▸ **The task**
Without changing a word, return the listing below, minus its images.

::: Collected material :::

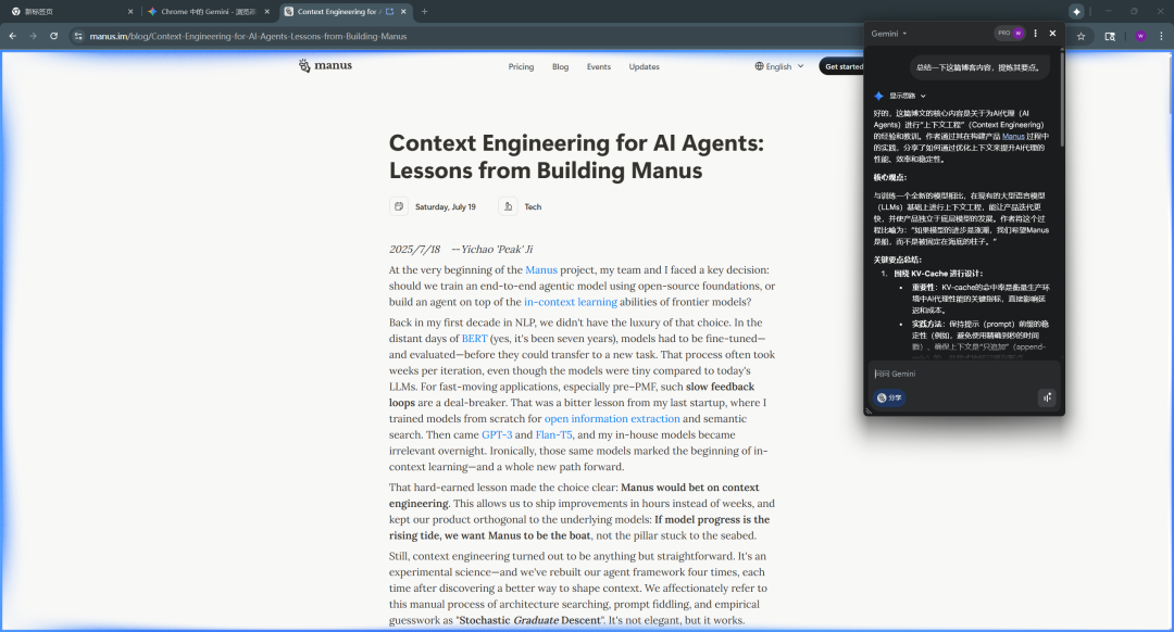 经过上述一顿操作之后,重启浏览器,如果顺利的话,你会看到浏览器顶部的Gemini图标,这时候你就可以愉快使用Gemini in Chrome功能了。看官方的描述,目前好像还仅对于Google AI Pro用户开放,所以如果经过上述一通操作后还是没有在浏览器上找到Gemini小图标,那可能还得再等一等,或者立刻给Google打钱。
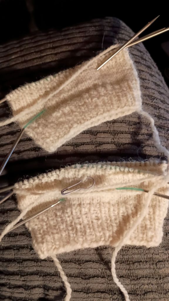 The yoga socks on the Hiya-Hiya Flyers are coming along. The more I work with these skinny, sharp needles, the more I like them. I just need my stronger glasses to ensure nice stitches.
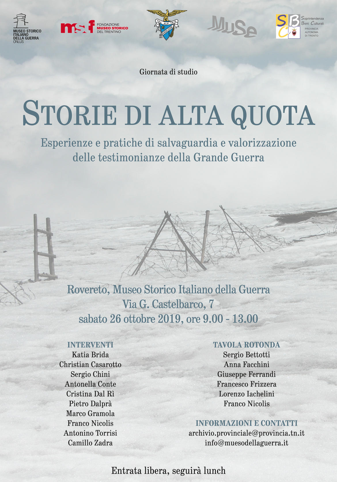A conclusione dell'evento centenario dedicato alla Grande Guerra, la Società degli Alpinisti Tridentini e la Soprintendenza per i beni culturali, in collaborazione con il Museo storico italiano della Guerra di Rovereto e la Fondazione Museo storico del Trentino, propongono una giornata di studio e confronto incentrato sulle molteplici attività di recupero, salvaguardia e ripristino delle vestigia della Grande Guerra ubicate alle alte quote e sui ghiacciai del nostro territorio. A corredo dell'incontro è prevista una tavola rotonda di sintesi e riflessione sulle prospettive future di frequentazione e fruizione ci questo consistente patrimonio di storia e memoria

:::

▸ **Result**
 经过上述一顿操作之后,重启浏览器,如果顺利的话,你会看到浏览器顶部的Gemini图标,这时候你就可以愉快使用Gemini in Chrome功能了。看官方的描述,目前好像还仅对于Google AI Pro用户开放,所以如果经过上述一通操作后还是没有在浏览器上找到Gemini小图标,那可能还得再等一等,或者立刻给Google打钱。
 The yoga socks on the Hiya-Hiya Flyers are coming along. The more I work with these skinny, sharp needles, the more I like them. I just need my stronger glasses to ensure nice stitches.
A conclusione dell'evento centenario dedicato alla Grande Guerra, la Società degli Alpinisti Tridentini e la Soprintendenza per i beni culturali, in collaborazione con il Museo storico italiano della Guerra di Rovereto e la Fondazione Museo storico del Trentino, propongono una giornata di studio e confronto incentrato sulle molteplici attività di recupero, salvaguardia e ripristino delle vestigia della Grande Guerra ubicate alle alte quote e sui ghiacciai del nostro territorio. A corredo dell'incontro è prevista una tavola rotonda di sintesi e riflessione sulle prospettive future di frequentazione e fruizione ci questo consistente patrimonio di storia e memoria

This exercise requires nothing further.